MEMBRANE-TO-NUCLEUS TGF-beta ...
MODULAR STRUCTURE OF SMAD...
SMAD PROTEINS IN PANCREATIC...
EARLY-RESPONSE GENES FOR TGF-beta ...
MODULAR STRUCTURE OF TIEG...
TIEG PROTEINS INHIBIT...
DIFFERENCES BETWEEN SMAD AND...
ALTERATIONS IN TGF-beta SIGNALING...
REFERENCES

The activation of transcription factors is an absolute requirement for eliciting long-term cellular responses to an extracellular signaling cascade.
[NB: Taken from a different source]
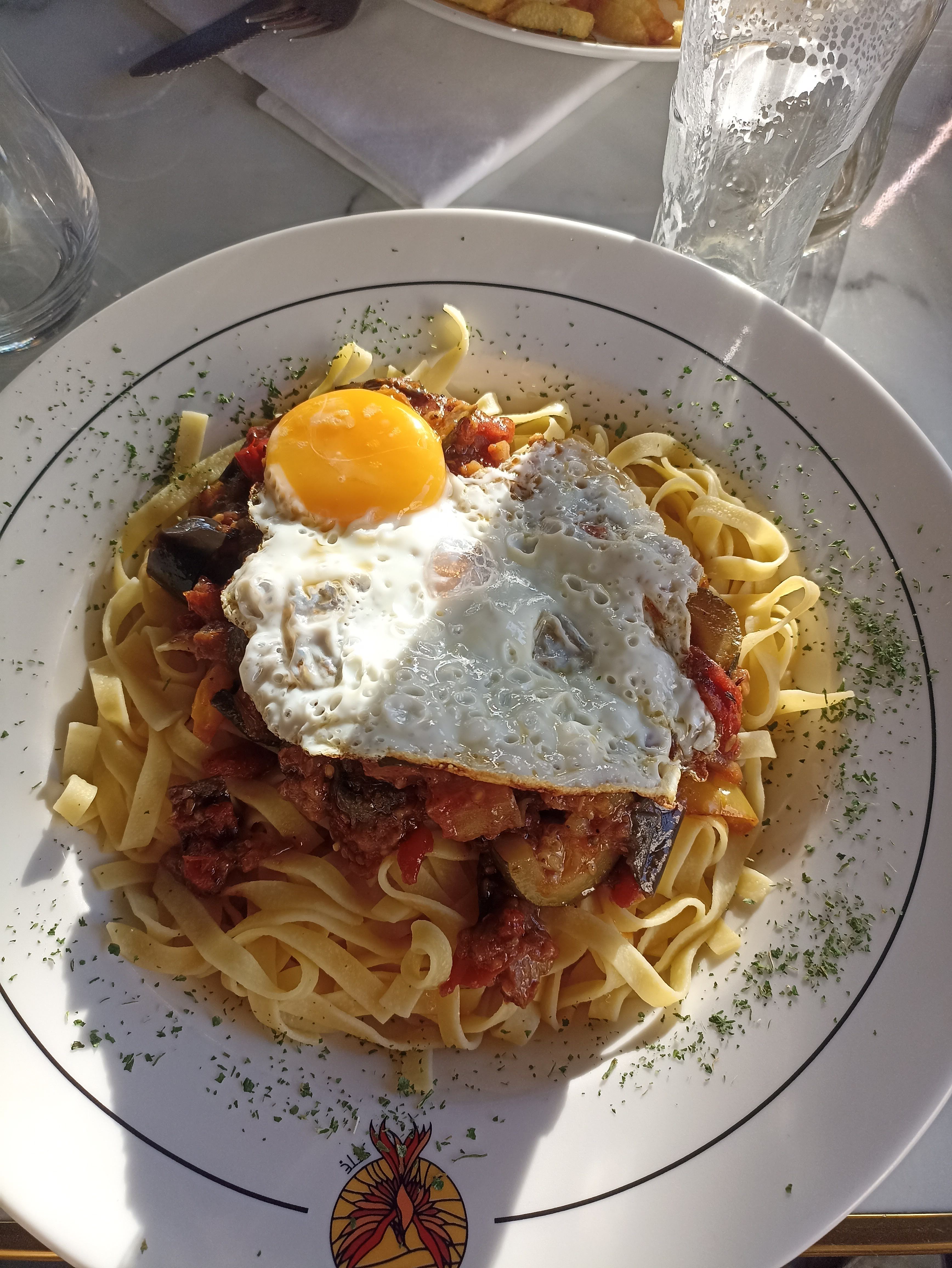 Nous avons choisis le restaurant par hasard on a bien fait, menu du jour (entrée, plat 14 € ) la sèche avec sa compotée de légumes 🌶aubergines, poivrons, tomates un régal + ( 3€ ) Les spaghettis à l’Italienne un régal . PS le pain 🥖 une tuerie la serveuse était charmante et gracieuse
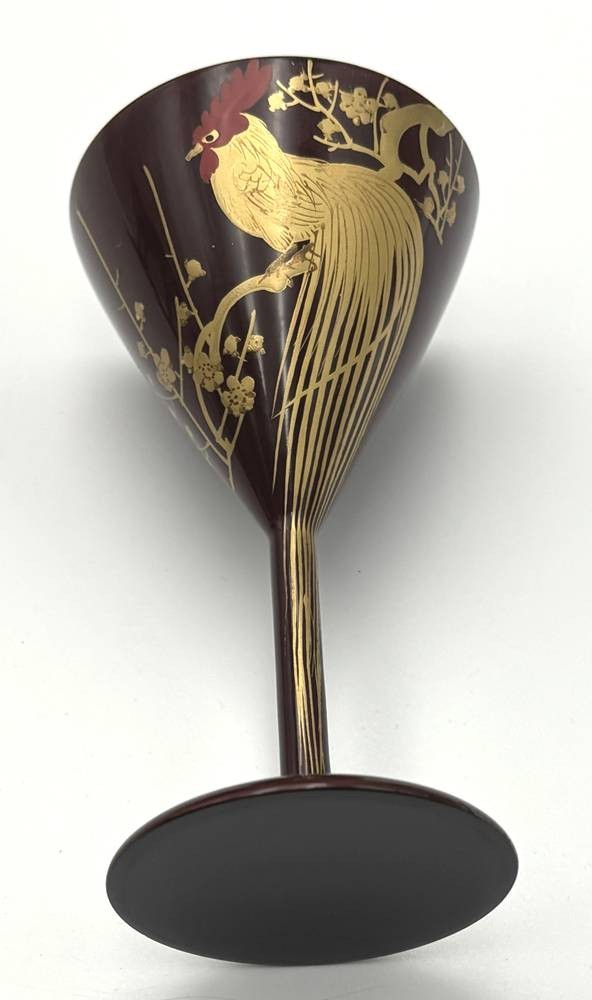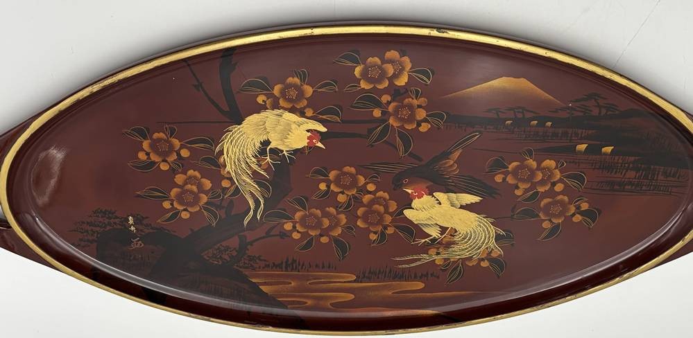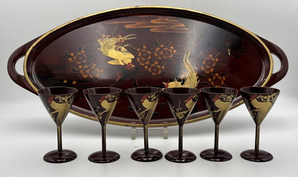 gr. Lacktablett mit 6 Likör/Cocktailschalen, bemalt mit Fantasie-Vögel vor Fujiyama, Tablett 54x26 cm, H-Shalen 11 cm, Japan [1]

This mechanism in turn switches on and off the expression of genes that are necessary for a particular cellular event such as proliferation, differentiation, or apoptosis. The first genes to be turned on by a signaling cascade are called "early-response genes." Because of the immediate need for these gene products to respond to an extracellular stimulus, the cellular machinery necessary for their expression is constitutively present in the cell. Thus activation of early-response genes occurs in the absence of de novo protein synthesis. Many of the early-response genes that have been identified for TGF-beta signaling are oncogenic transcription factors (e.g., c-fos, c-jun, and c-myc), pointing to the importance of early-response genes in maintaining normal cell growth (54, 69, 78, 91). As a result of our interest in the regulation of pancreatic epithelial cell growth and neoplastic transformation, we recently revealed the existence of a novel family of pancreas-enriched transcription factors, TIEG1 and TIEG2, that are early-response genes for TGF-beta and inhibit epithelial cell proliferation (14, 79) (Fig. 3).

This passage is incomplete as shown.